Vegetation Modeling

Status: Beta - Core engine complete, model development ongoing

Vegetation Modeling is an orchestration layer around the josh simulation engine. It takes fire severity boundaries from Disturbance Severity as external data, runs josh simulations to project vegetation recovery trajectories, and structures the output to help managers understand fire impacts over time.

josh itself is a standalone, open-source tool that can be used independently of the Disturbance Toolbox. Vegetation Modeling simply provides a streamlined workflow for applying josh to post-fire recovery scenarios.

Josh Engine workflow

Why Process-Based Modeling?

Empirical models (regressions trained on observed data) require data that are both spatially and temporally rich at the taxonomic resolution of interest. To model Joshua tree recovery specifically, we would need decades of repeated measurements across the landscape - data that do not currently exist.

Process-based models sidestep this limitation by building from ecological literature: how fast do seedlings grow? What conditions trigger germination? How does competition affect survival? These parameters can be estimated from targeted studies even without landscape-scale monitoring data.

What is josh?

josh is an open-source, spatially explicit simulation engine developed by DSE. It uses a domain-specific language (DSL) with friendly syntax inspired by HyperTalk, making stochastic, spatial, and stateful operations accessible without requiring deep software engineering knowledge.

Key features:

  • Domain-specific language for specifying organisms, life stages, demographic rates, and environmental interactions
  • Scalable execution from browser-based prototyping (via WebAssembly) to distributed cloud computing on hundreds of machines - with minimal or no code changes
  • Cloud-native geospatial formats including GeoTIFF and netCDF for seamless integration with fire severity rasters
  • Transparent models that ecologists can inspect, critique, and modify
  • Open source under a permissive BSD license

josh was originally conceived during a cross-disciplinary workshop to address challenges in ecological modeling: the need for landscape-scale, stochastic, spatial simulations without requiring systems-level programming expertise.

josh is a standalone tool that can be used independently of the Disturbance Toolbox.

Integration with Other Tools

In the context of this toolbox:

  • Inputs: Severity rasters from Disturbance Severity, plus climate scenarios and model parameters
  • Outputs: Spatiotemporal projections of vegetation recovery (occupancy, abundance, community composition over time)
  • Downstream: Outputs feed into Resource Optimization for comparing intervention strategies

A josh model must be parameterized and validated before it can produce vegetation recovery projections and resource optimization outputs.
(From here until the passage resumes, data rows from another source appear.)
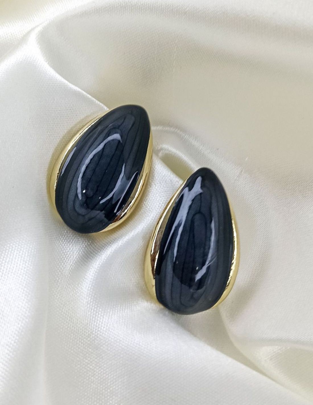 Diseño gota en azul intenso con borde dorado.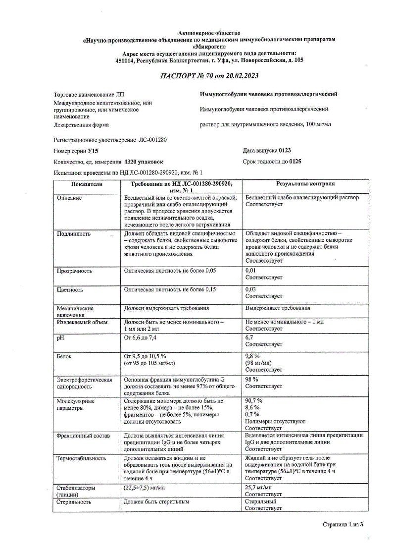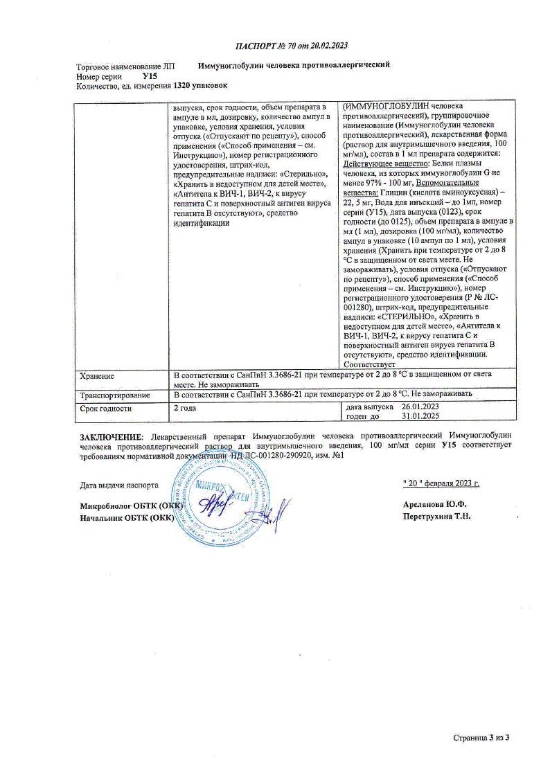 Действующим началом препарата являются иммуноглобулины класса G, оказывающие выраженное противоаллергическое действие при аллергических заболеваниях немедленного (атопического) типа.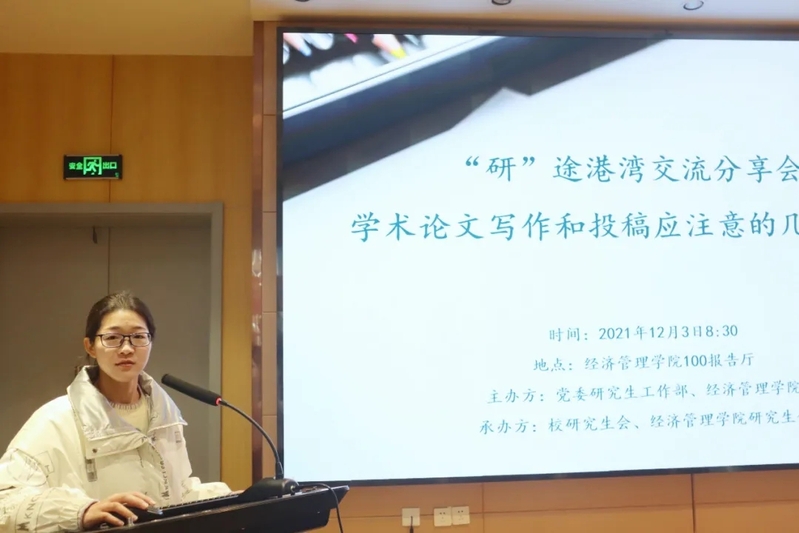 随后,经济管理学院两位“2021年硕士研究生国家奖学金”获得者2019级管理科学与工程曾少羽和陈慧珍分别围绕“论文写作、期刊选择和论文投稿”,“看什么论文、如何看论文以及如何写论文”等方面分享学习方法,给学弟学妹们分享学习经验,还给大家的研究生生活和未来规划提出了宝贵的建议。

Ideally, model development is completed in advance of a fire event so that projections are available as soon as severity data are produced. However, model development can also begin after a fire occurs - management planning would then start once the model is ready. The model needs to know how to respond to fire effects (mortality, reduced competition, seed bank impacts) and management interventions (seeding, planting, invasive removal), and these responses need to be built in before simulations can run.

Python Integration (joshpy)

joshpy is a Python client library for josh that enables programmatic simulation execution, parameter sweeps, and experiment tracking from Python workflows. It supports both local (JAR-based) and remote (HTTP API via Josh Cloud or your own infrastructure) josh execution, making it flexible for interactive analysis and batch processing alike.

joshpy is currently used by the DSE team for model development and batch analysis, will later underpin the Resource Optimization module, and is available for advanced users who want to integrate josh simulations into their own Python pipelines. See the joshpy GitHub repository and its associated documentation for details.